Applying the Results

  • Always consult with a veterinarian for specific treatment recommendations.
     
    Staphylococcus aureus and Streptococcus agalactiae are contagious pathogens.
    • Contagious pathogens are spread from cow to cow. In addition to a veterinarian’s treatment recommendations, consider evaluating parlor prep procedures, using dry cow therapy, and implementing fly-control techniques.
    Difference in how milk ad microorganisms look after streaking
  • Gram-negative bacteria are typically environmental pathogens.
    • Environmental pathogens spread through the cow’s interaction with the farm facilities and include coliforms. Coliforms signify that the pathogens come from the cow’s manure. In addition to a veterinarian’s treatment recommendations, consider evaluating bedding cleanliness, alley cleanliness, and pasture mud levels; fencing off ponds and creeks; and maintaining clean and dry areas for cows to lie down.
       
Staphylococcus aureus displaying hemolysis on Factor agar.

Conclusions

On-farm bacteriological culturing can provide many benefits to the dairy farmer, including reduced antibiotic use, the ability to improve treatment success by treating the right bug with the right drug, and the chance to better understand what pathogens are present within the herd in order to make management changes.
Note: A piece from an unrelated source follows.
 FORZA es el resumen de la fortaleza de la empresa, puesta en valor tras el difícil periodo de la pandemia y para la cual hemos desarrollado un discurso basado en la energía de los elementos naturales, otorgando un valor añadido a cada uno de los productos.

On-farm bacteriological culturing saves time and money compared to sending milk samples to a laboratory for testing. Producers can get results within 24 hours and develop a specific treatment plan for the infected cow based on veterinary recommendations.

 

References

Lago, A., S. M. Godden, R. Bey, P. L. Ruegg, and K. Leslie. 2011a. The selective treatment of clinical mastitis based on on-farm culture results: I. Effects on antibiotic use, milk withholding time, and short-term clinical and bacteriological outcomes. J. Dairy Sci. 94:4441–4456.

Lago, A., S. M. Godden , R. Bey , P. L. Ruegg , and K. Leslie. 2011b. The selective treatment of clinical mastitis based on on-farm culture results: II. Effects on lactation performance, including clinical mastitis recurrence, somatic cell count, milk production, and cow survival. J. Dairy Sci. 94: 4457-4467.
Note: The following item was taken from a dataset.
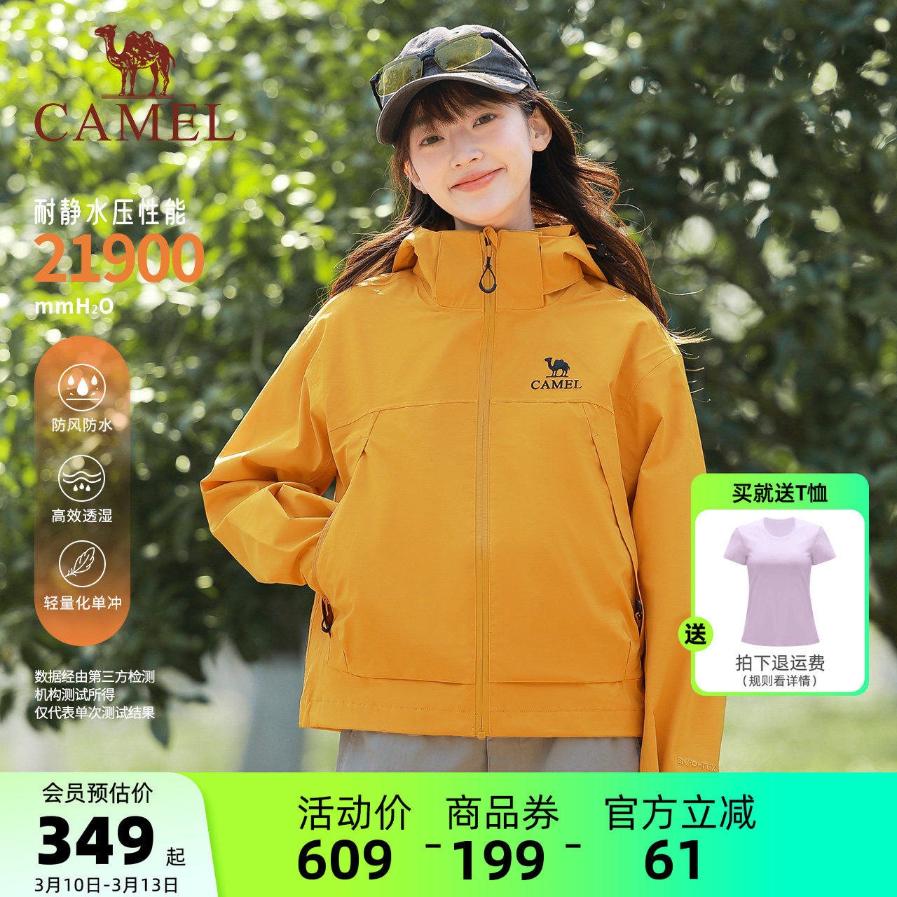 骆驼女装三防冲锋衣短款外套女小个子夹克三合一防风防水登山服女

Pol, M., and P. L. Ruegg. 2007. Relationship between antimicrobial drug usage and antimicrobial susceptibility of Gram-positive mastitis pathogens. J. Dairy Sci. 90:262–273.

Pyörälä, S., L. Kaartinen, H. Käck, and V. Rainio. 1994. Efficacy of two therapy regimens for treatment of experimentally induced Escherichia coli mastitis in cows. J. Dairy Sci. 77:453–461.

 

 

Publication 3141 (POD-10-17)

By Brittany Bowman, Extension Undergraduate Apprentice, and Amanda Stone, PhD, Assistant Professor, Animal and Dairy Sciences.

Copyright 2017 by Mississippi State University. All rights reserved. This publication may be copied and distributed without alteration for nonprofit educational purposes provided that credit is given to the Mississippi State University Extension Service.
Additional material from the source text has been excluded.